BFI Chief Executive Amanda Nevill says:
The BFI Fellowship is awarded to those at the pinnacle of their profession. It is a truly illustrious moment to be honouring Sir Christopher Lee for his enormous and unique contribution to film during a Festival that is committed to excellence.
Boris Johnson, the Mayor of London says:
Congratulations to Sir Christopher on being awarded this distinguished accolade for a film career that has been genuinely iconic. As the BFI London Film Festival gets underway, with a wonderful array of films from around the world, it’s a good time to celebrate great British film and film talent.
London is one of the top three production centres in the world and at the centre of a dynamic and creative sector that is hugely important for our economy, so I’m delighted to welcome all the visiting filmmakers, industry professionals, as well as cinephiles, to this exciting festival where they can make new contacts, do business and see great films.
Sir Christopher Lee has acknowledged the BFI fellowship
It is a great privilege to be included amongst such a distinguished group of predecessors who have received this Award from the BFI.
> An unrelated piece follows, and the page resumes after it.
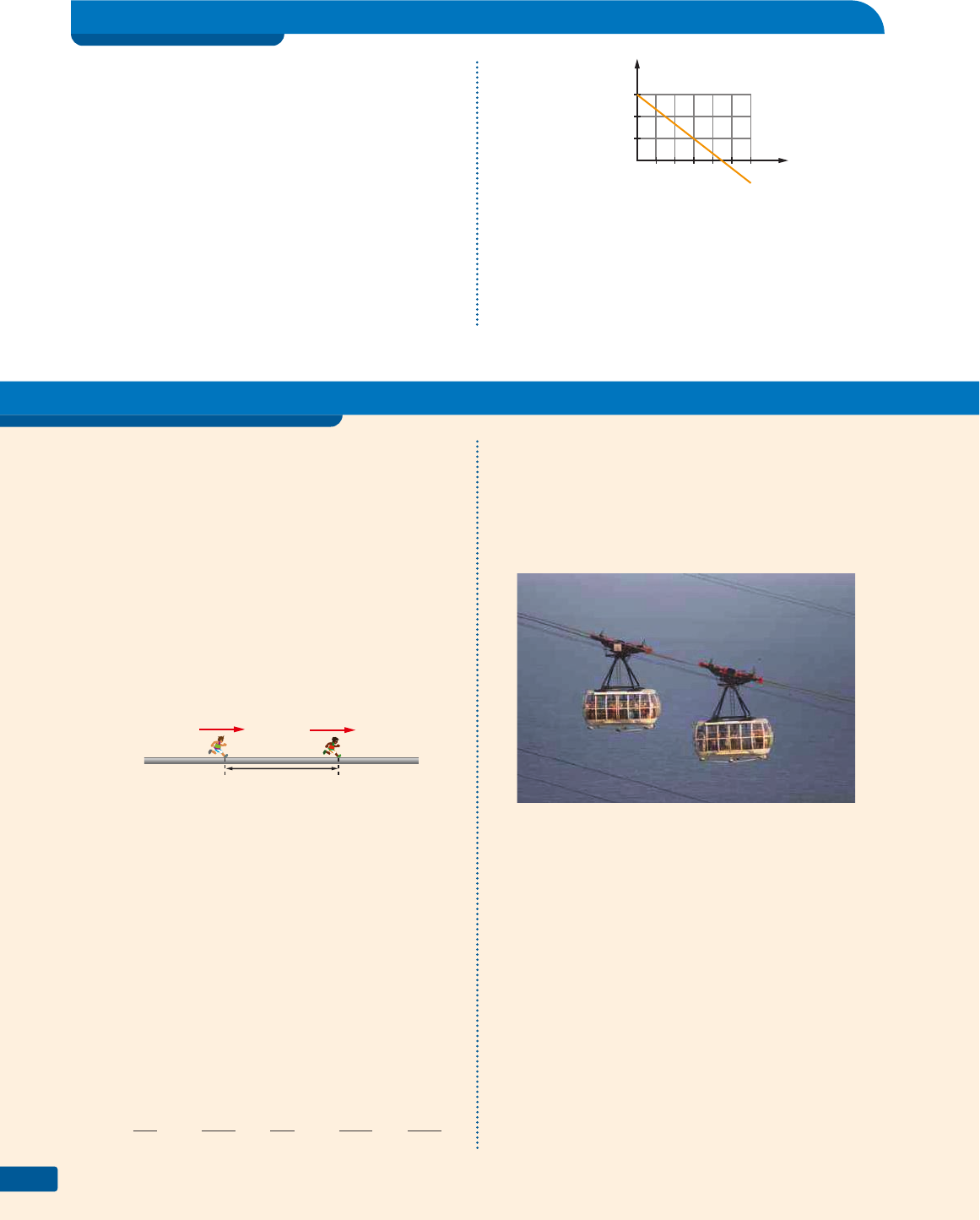 Capítulo 486 Exercícios de Aprofundamento 48. Uma partícula, dotada de velocidade escalar constante igual a 5,0 m/s, percorre uma trajetó- ria retilínea em que foram definidas duas posi- ções, A e B. Ela passou pela posição A no instante t 1 = 3,0 s e por B no instante t 2 = 9,0 s. a) Faça o diagrama horário da velocidade, anotando no eixo do tempo os valores citados. b) Usando a propriedade gráfica, determine a distância entre A e B. 49. Um ponto material tem movimento uniforme e o diagrama horário das posições é dado na figura a seguir. Exercícios de Aplicação 50. (OBF-Brasil) Numa corrida internacional de atle- tismo, o atleta brasileiro estava 25 m atrás do favorito, o queniano Paul Tergat, quando, no fim da corrida, o brasileiro reage, imprimindo uma velocidade escalar constante de 8,0 m/s, ultra- passando Tergat e vencendo a prova com uma vantagem de 75 m. Admitindo-se que a velocidade escalar de Tergat se manteve constante e igual a 5,5 m/s, calcule qual o intervalo de tempo decor- rido desde o instante em que o brasileiro reagiu até o instante em que cruzou a linha de chegada. Admita que ambos descrevem trajetórias retilí- neas e paralelas. 5,5 m/s queniano 8,0 m/s 25 m brasileiro 51. (UE-RJ) Um foguete persegue um avião, ambos com velocidades constantes e mesma direção. Enquanto o foguete percorre 4,0 km, o avião percorre apenas 1,0 km. Admita que, em um instante t 1 , a distância entre eles é de 4,0 km e que, no instante t 2 , o foguete alcança o avião. No intervalo de tempo t 2 – t 1 , a distância percorrida pelo foguete, em quilômetros, corresponde apro- ximadamente a: a) 4,7 b) 5,3 c) 6,2 d) 8,6 52. (Fuvest-SP) Dois carros percorrem uma pista circular, de raio R, no mesmo sentido, com veloci- dades de módulos constantes e iguais a V e 3V. O tempo decorrido entre encontros sucessivos vale: a) πR 3V b) 2πR 3V c) πR V d) 2πR V e) 3πR V 53. No Pão de Açúcar, Rio de Janeiro, temos o famoso bondinho suspenso que leva os turistas para o pico do morro. Dois cabos de aço paralelos correm em sentidos contrários, com uma mesma velocida- de de módulo 36 km/h. A foto mostra os bondi- nhos quando vão se cruzar no meio do caminho. Tendo cada bondinho uma largura de 6,0 m e um comprimento de 8,0 m, pergunta-se: a) Por quanto tempo um passageiro que está na janela de um dos bondinhos vê o outro à sua frente, durante o cruzamento? b) Um turista, no pico do Pão de Açúcar, assiste ao cruzamento dos dois bondinhos. Quanto tempo dura o cruzamento? 54. Um viajante perdeu o trem e correu atrás dele para tentar pegá-lo. Felizmente, a velocidade do trem era baixa. A figura mostra o instante em que o homem alcançou o trem. Nesse mesmo ins- tante um carro também o alcançou. Todos os três vão seguir suas trajetórias retilíneas e paralelas em movimento uniforme. 86 Capítulo 4 9,0 s (cm) 6,0 3,0 0 2,0 4,0 6,0 t (s) a) Calcule a velocidade escalar e esboce o gráfico velocidade × tempo. b) Usando a propriedade gráfica, determine o deslocamento escalar entre os instantes 2,0 s e 5,0 s. c) Classifique o movimento em retrógrado ou progressivo. l u Iz A u g u S t o r Ib E Ir o C á S S Io V A S C o N C E l o S /S A m b A p h o t o Movimento uniforme (MU) 87 2v v v A 2L 2L L carro 1 carro 2 (v 1 ) (v 2 )v A velocidade escalar do trem é v, a do homem 2v e a do carro v A . No instante em que o homem ultrapassa o trem, o carro também o ultrapassa. Determine, para um referencial no solo: a) A distância percorrida pelo viajante desde o ins- tante em que alcançou o trem até ultrapassá-lo. b) A velocidade escalar do automóvel. 55. Dois carros, em movimento uniforme, trafegam numa estrada retilínea horizontal em sentidos opostos. Quando estão próximos de se cruzarem, um objeto estranho, em forma de disco, voando numa altitude muito baixa, numa direção parale- la à estrada, passa sobre eles. O motorista do carro 1 rapidamente avalia a velo- cidade escalar do objeto em 6,0 m/s. No carro 2, o outro motorista também faz a avaliação da velocidade e conclui que é 20 m/s. Admitindo que ambos tenham acertado, podemos concluir que o módulo da velocidade relativa do carro 1 em relação ao carro 2 é, aproximadamente: a) 26 m/s d) 13 m/s b) 20 m/s e) 7,0 m/s c) 14 m/s 56. Os diagramas de posição × tempo abaixo refe- rem-se aos movimentos dos móveis A e B sobre uma mesma trajetória retilínea. x (m) 22 10 16 0 2,0 t (s) Figura b. Móvel B. Analisando os diagramas horários, podemos con- cluir que os móveis se deslocam: a) no mesmo sentido, sendo que o móvel A deve- rá alcançar o móvel B. b) no mesmo sentido, sendo que o móvel B deve- rá alcançar o móvel A. c) em sentidos opostos, mas, devido à posição inicial, eles não deverão se cruzar. d) em sentidos opostos e deverão se encontrar no instante t = 3,0 s na posição x = 28 m. e) em sentidos opostos e deverão se encontrar no instante t = 4,0 s na posição x = 24 m. 57. Dois móveis, A e B, deslocam-se sobre uma mesma trajetória retilínea. Suas posições são dadas pelo gráfico que se segue. O instante de encontro dos dois ocorreu em t = 4,0 s. A velocidade de A em relação a B tem módulo igual a: a) 1,0 m/s b) 2,0 m/s c) 3,0 m/s d) 4,0 m/s e) 5,0 m/s 58. (U. F. São Carlos-SP) Um navio é responsável por verificar a energia mareomotriz de determinada região da costa. Na coleta de informações, o timoneiro traça uma rota rumo ao continente. Algum tempo depois, na cabine do capitão, um alarme alerta para as leituras feitas automatica- mente pelo sonar, que mostram a rápida diminui- ção da profundidade do leito oceânico. Profundidade (m) 17 15 13 11 Instante (s) 0 15 30 45 Supondo que a inclinação do leito oceânico seja constante e sabendo que a quilha da embarcação está 3 m abaixo da linha-d’água, se nenhuma atitude for imediatamente tomada, o encalhe irá ocorrer entre os instantes: a) 1,0 minuto e 1,5 minuto. b) 1,5 minuto e 2,0 minutos. c) 2,0 minut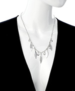 Get lost in the neat designs of Lisa Stewart with this Eve marquis disk necklace. Alternating marquis drops and CZ disks fan around the necklace for a lovely and feminine feel. The shiny rhodium on this necklace adds a lustrous shine.

Knighted in 2009 for his services to drama and charity, Sir Christopher Lee can boast more than 250 acting credits for film and television. Having made his feature debut in 1948 with Corridor of Mirrors, he first became a star in the mid-50s playing Frankenstein’s creature, then the title role of Dracula for Hammer Films. In a career spanning more than eight decades, he has starred as Mycroft Holmes in Billy Wilder’s The Private Life of Sherlock Holmes, as Lord Summerisle in cult classic The Wicker Man, as Scaramanga in The Man with the Golden Gun, and as Jinnah, the founder of Pakistan. Sir Christopher won a new worldwide audience when he starred as Saruman in the BAFTA and Oscar-winning Lord of the Rings trilogy and appeared as Count Dooku in the Star Wars prequels. He has also worked extensively with Tim Burton, including on Sleepy Hollow, Charlie and the Chocolate Factory and with distinctive voice roles in Alice in Wonderland and Corpse Bride.